Task to carry out >> Take the records below and set down exactly the lines from the one with "为将科学精神、科学思维、科学" to the one with "Wedding Garter Belt", ends included; do not copy the pictures.

==== Supplied records ====

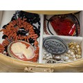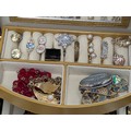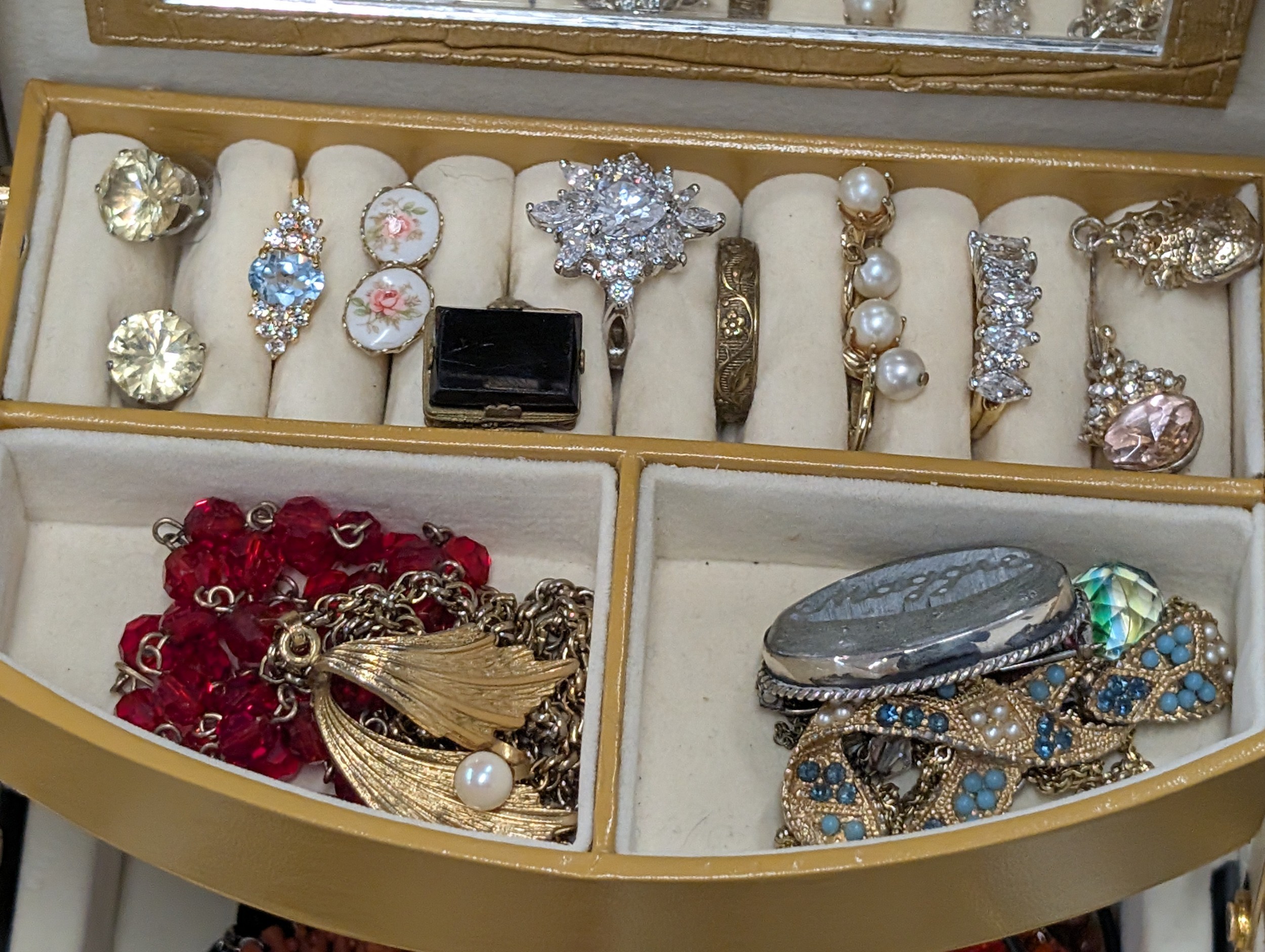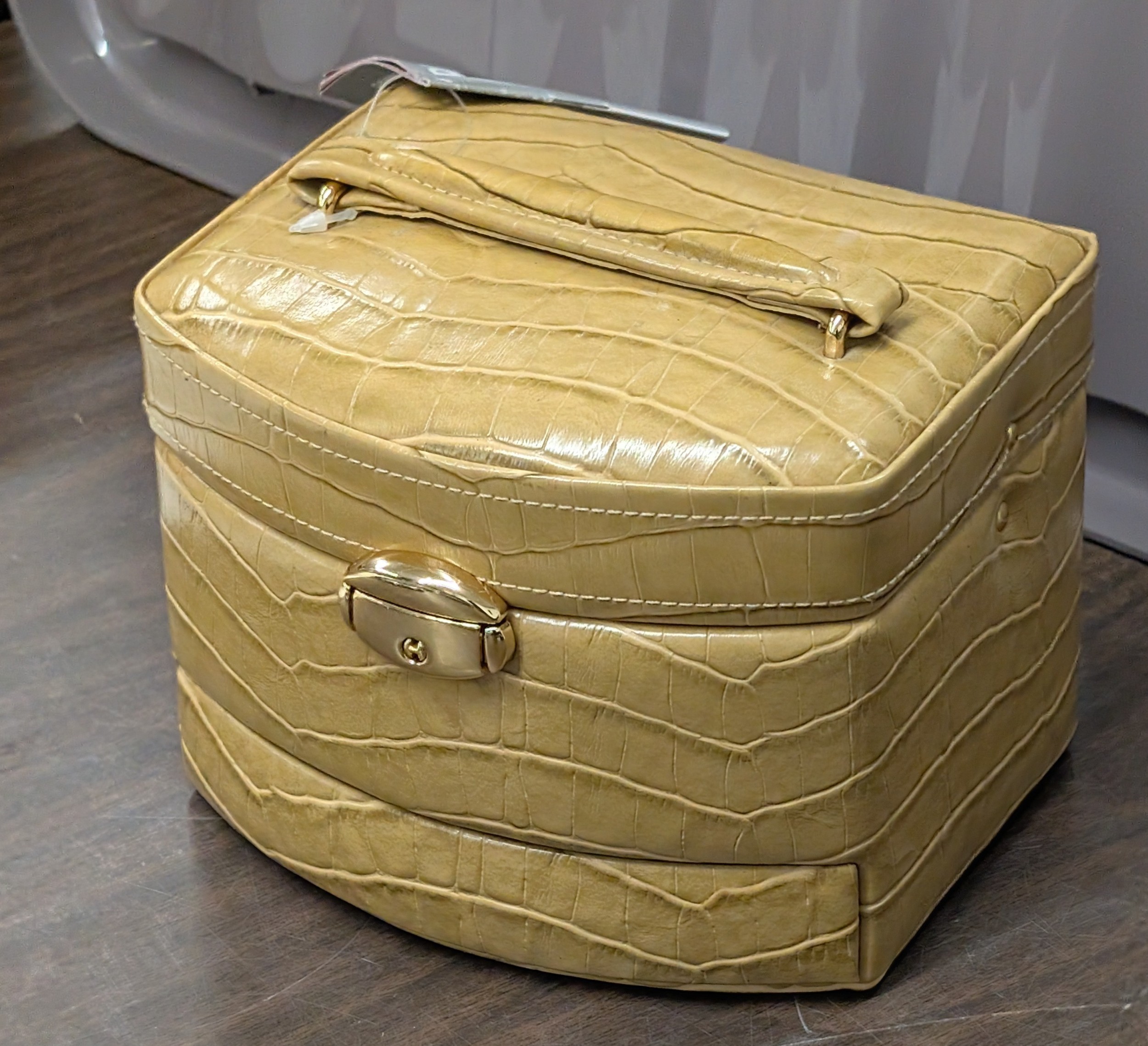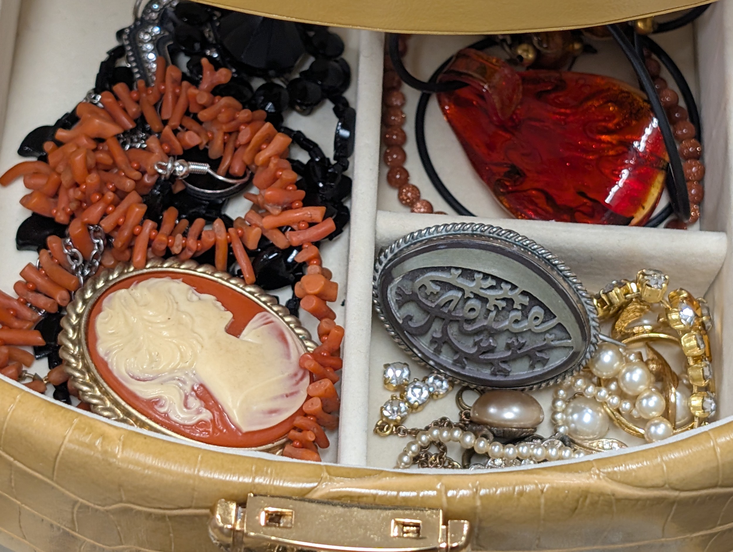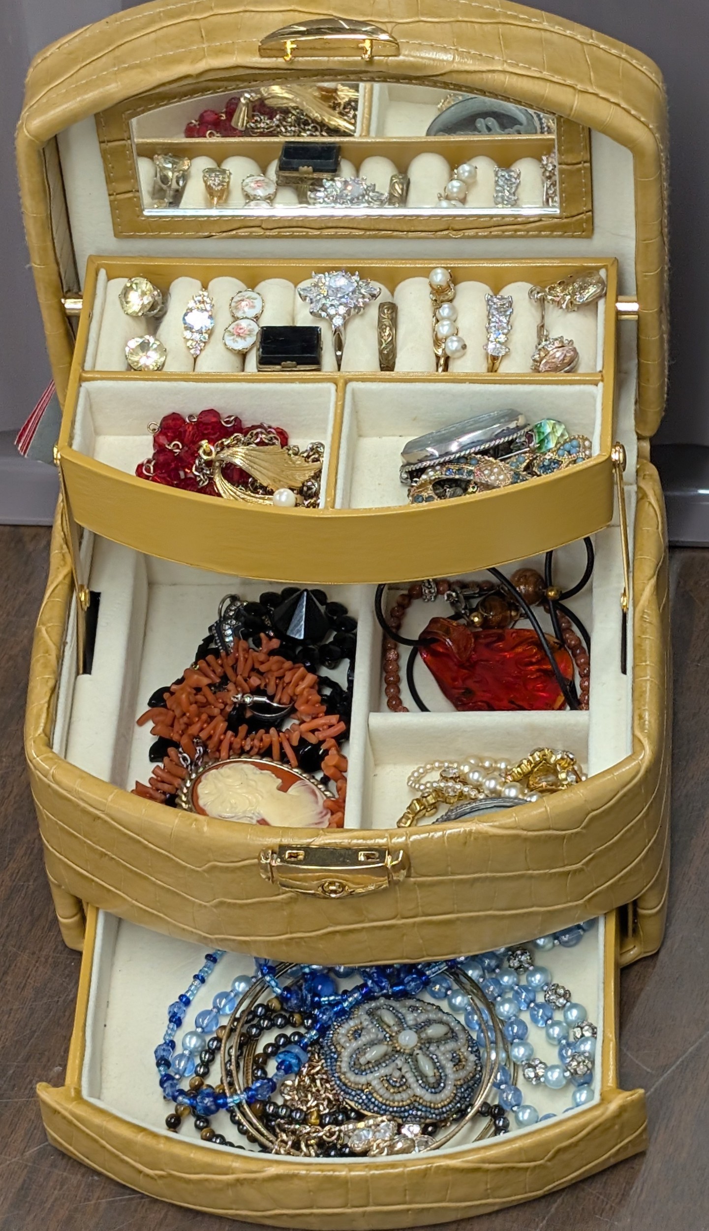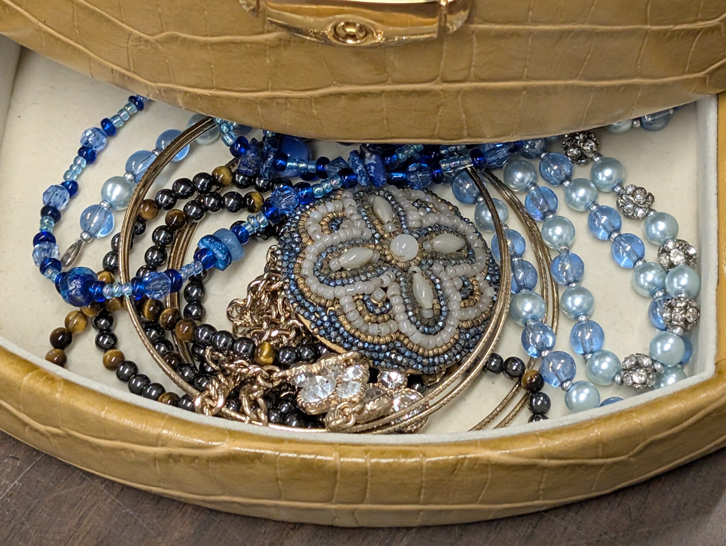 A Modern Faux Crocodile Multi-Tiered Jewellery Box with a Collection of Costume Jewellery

====
==== Supplied records ====

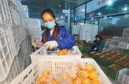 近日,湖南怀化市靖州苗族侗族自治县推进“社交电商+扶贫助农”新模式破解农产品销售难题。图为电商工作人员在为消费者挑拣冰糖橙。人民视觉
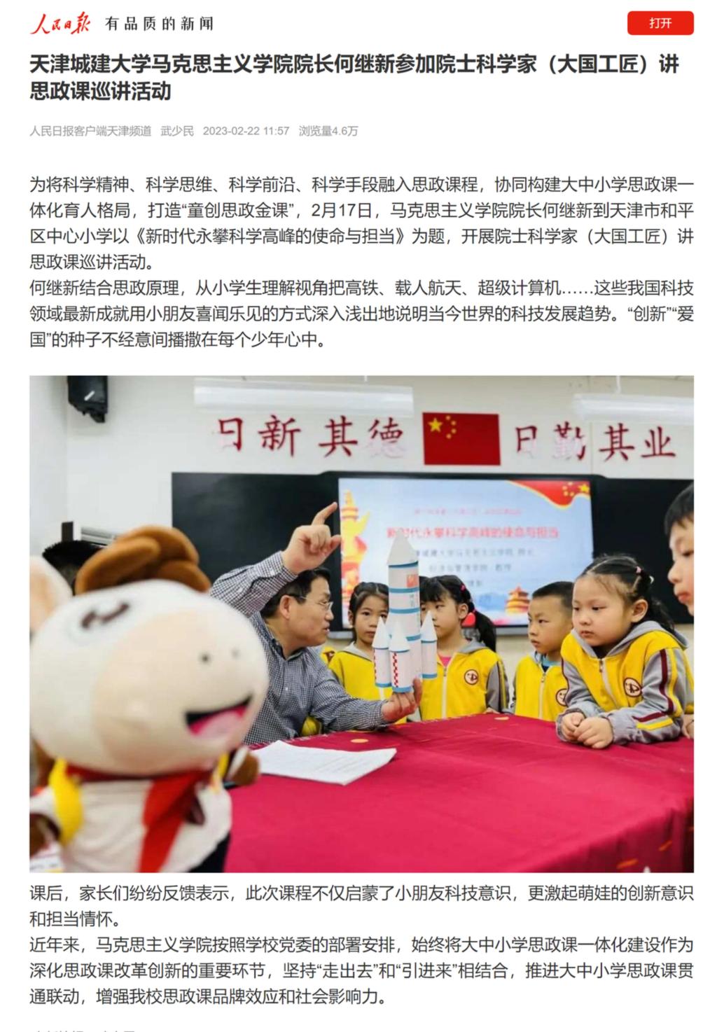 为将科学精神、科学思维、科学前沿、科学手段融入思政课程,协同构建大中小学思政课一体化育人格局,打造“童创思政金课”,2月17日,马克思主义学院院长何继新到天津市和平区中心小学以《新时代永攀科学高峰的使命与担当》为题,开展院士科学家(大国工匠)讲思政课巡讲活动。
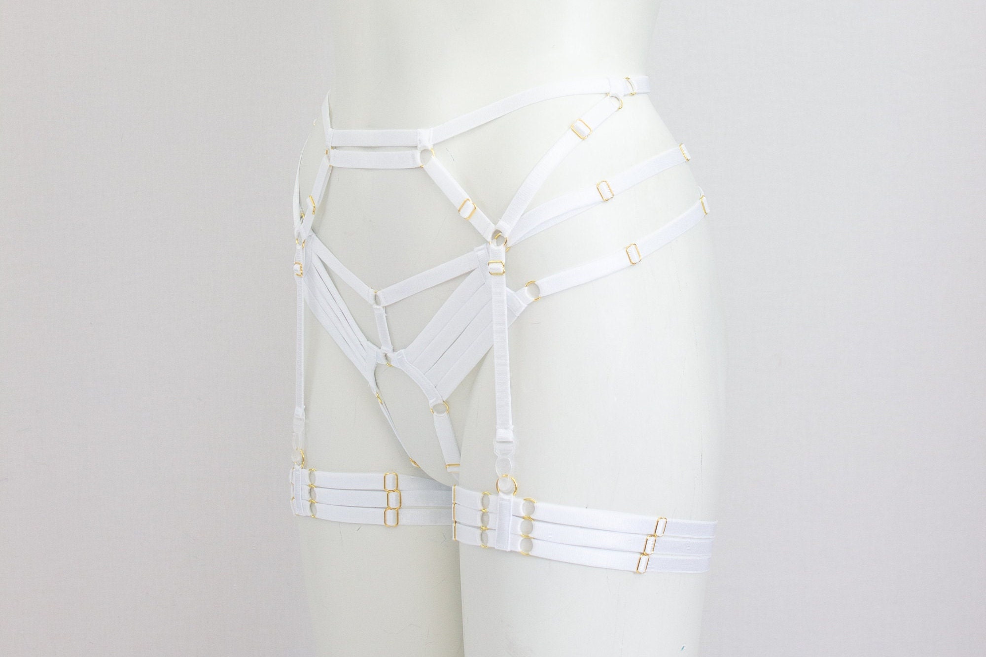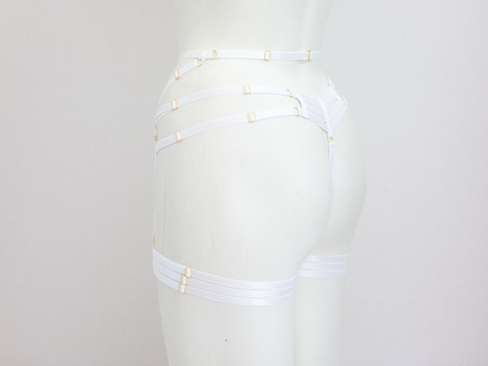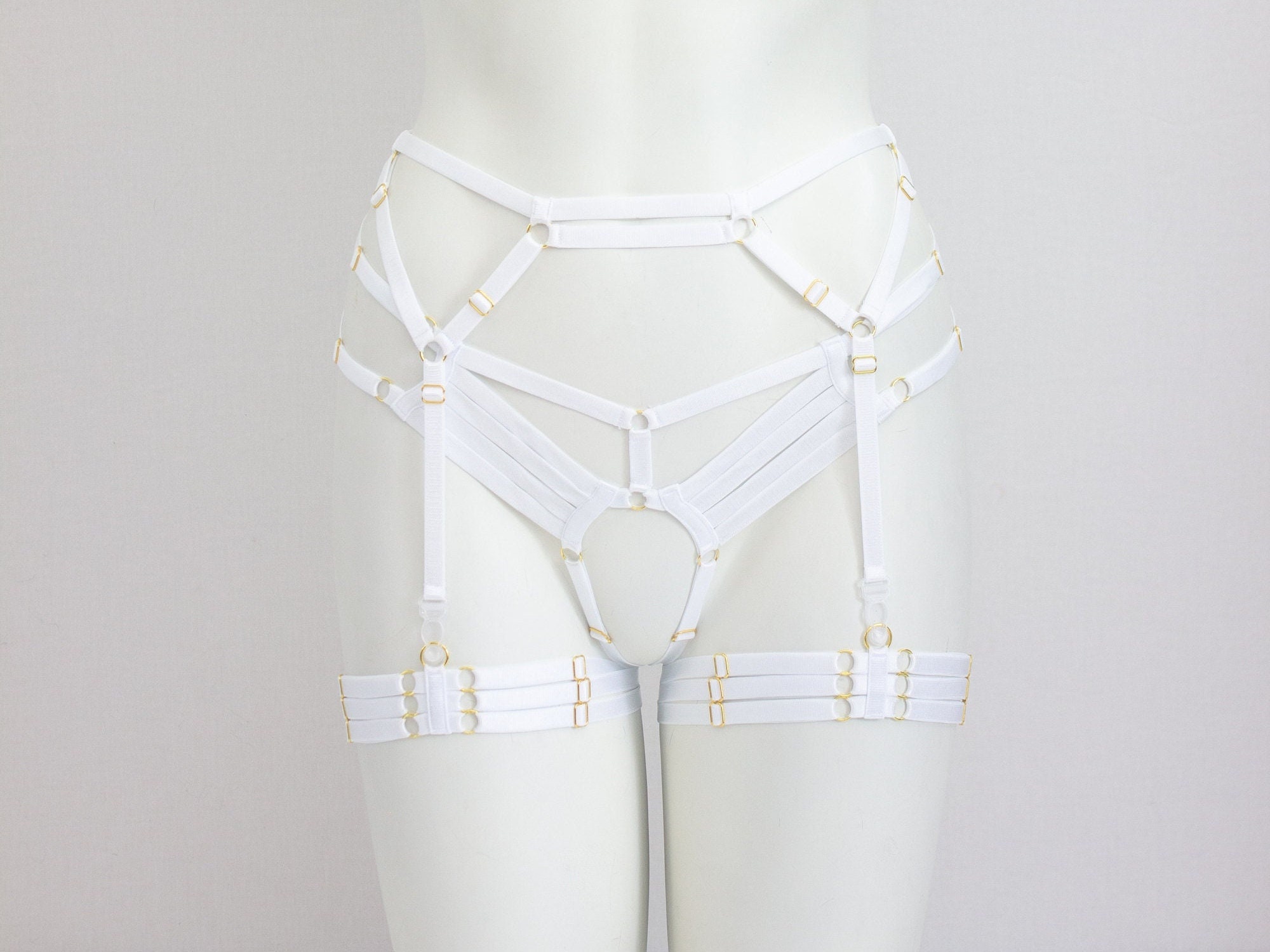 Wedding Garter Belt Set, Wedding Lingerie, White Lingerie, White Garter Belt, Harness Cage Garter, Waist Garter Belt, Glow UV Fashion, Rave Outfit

====

The answer >>
 为将科学精神、科学思维、科学前沿、科学手段融入思政课程,协同构建大中小学思政课一体化育人格局,打造“童创思政金课”,2月17日,马克思主义学院院长何继新到天津市和平区中心小学以《新时代永攀科学高峰的使命与担当》为题,开展院士科学家(大国工匠)讲思政课巡讲活动。
 Wedding Garter Belt Set, Wedding Lingerie, White Lingerie, White Garter Belt, Harness Cage Garter, Waist Garter Belt, Glow UV Fashion, Rave Outfit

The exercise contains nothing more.